There's a certain romance to the names of the old and new varieties of apples grown ...and there's also a dozen varieties of pear trees .We tasted two or three varieties as we munched our way around the kitchen garden and then found ten varieties of plum trees on the verge of ripeness.
Bill Barker has been the Garden Manager here for twenty years or so, and he too has played an important role in the development of the garden, especially since Chris's death. In fact Alison says he's an important reason why she has been able to stay here - she simply couldn't have done it on her own.
On the right hand side of the walled garden, glass houses previously abutted the walls for a couple of hundred yards or so.
And that's why Sulby Gardens is so interesting...because the gardens belonged to a minor stately home built in 1792 and designed by Sir John Sloane. Echoes of its gardening past are all around, but the house itself is no more. It was demolished in the early 1950's .
We winced and shuddered as we heard this - having seen photographs, it was a beautiful building. Yet we were able to admire what remained of the more formal area of gardens
It's ironic, because so many owners of old houses have, over the years, sold parcels of their estates or gardens for housing or development. Alison and Chris did the exact opposite, they managed to buy extra land to increase their garden, to build a wood and seven ponds.
With the wood, they inherited an ice house. I was dying to see this...Josie walked over it without knowing at first!
This dates from the late eighteenth century and is listed.

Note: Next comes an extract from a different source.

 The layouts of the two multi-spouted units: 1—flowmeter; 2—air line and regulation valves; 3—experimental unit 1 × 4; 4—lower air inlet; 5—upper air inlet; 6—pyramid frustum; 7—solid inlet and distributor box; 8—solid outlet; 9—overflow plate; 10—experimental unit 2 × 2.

We all trooped down the stairs and inside in single file, the temperature immediately dropping as we did so. No torches, but fortunately I had my trusty iphone to light our way
This was where tons of ice, were hacked from the stream running through the gardens by the gardeners, and thrown into the hole. Meat, game and fish, butter and other foods were kept here on the ice until needed for the table.

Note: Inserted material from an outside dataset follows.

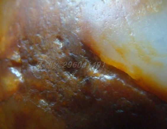 那么很简单,同样一个表面,越粗糙的地方越容易附着颜色。毛孔坑底的附着性肯定比坑上面的强得多。也就是说,天然颜色会跟着毛孔的分布不断变化,远看皮色会有浓淡的过渡,这个过渡跟玉的结构大小会有疏密的变化。并且这个颜色近看的时候,是跟着毛孔的形状而紧密结合的。也就是说,毛孔怎么走,颜色的边界始终跟着毛孔的边界同步延伸。毛孔怎么不规则,颜色也怎么不规则。

By now, we had spent two hours wandering around the gardens, enjoying the views and the plantings. We'd also admired the way that Alison, Chris and Bill have enhanced the gardens over the years and developed flower meadows and wildlife habitats for mammals, insects and birds.

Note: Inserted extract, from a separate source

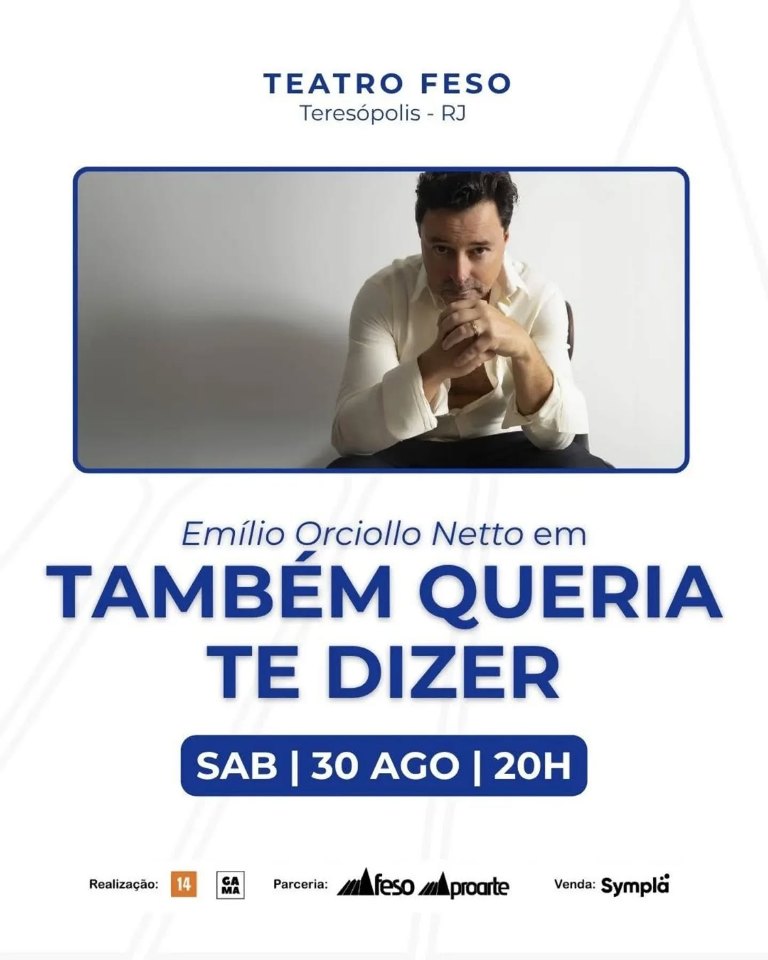 Dia 30/08/2025 (sáb)-20h Emílio Orciollo Netto em Também Queria te Dizer no teatro Feso em Teresópolis RJ

By now, the drizzle and wind had died down and we were able to relax on a garden bench in the sunshine.
Left to right...Bill Barker, Josie Hutchinson, Derek Cox, me and Alison Lowe
Such a lovely day and such an interesting garden, with so much to see . You can hear the programme we recorded by clicking this link
You can also see the gardens for yourself as they are open on Thursday 12th October from 1 pm to 4pm and again on Friday 13th October from 11am until 4pm...
Alison and Bill will be around, and you've got the chance to buy some bottles of fresh apple juice too, which is pressed and bottled by Bill, but only sold to garden visitors at open days for the National Garden Scheme. There's plenty of apple cakes to taste too!
Here's just three of the varieties, and Sunset, the bottle I have tasted is absolutely delicious and addictive.
Sulby is worth a visit any time of year though and opens regularly....so do check with the Northamptonshire branch of the National Garden Scheme to find out next year's dates. You will be so pleased you did!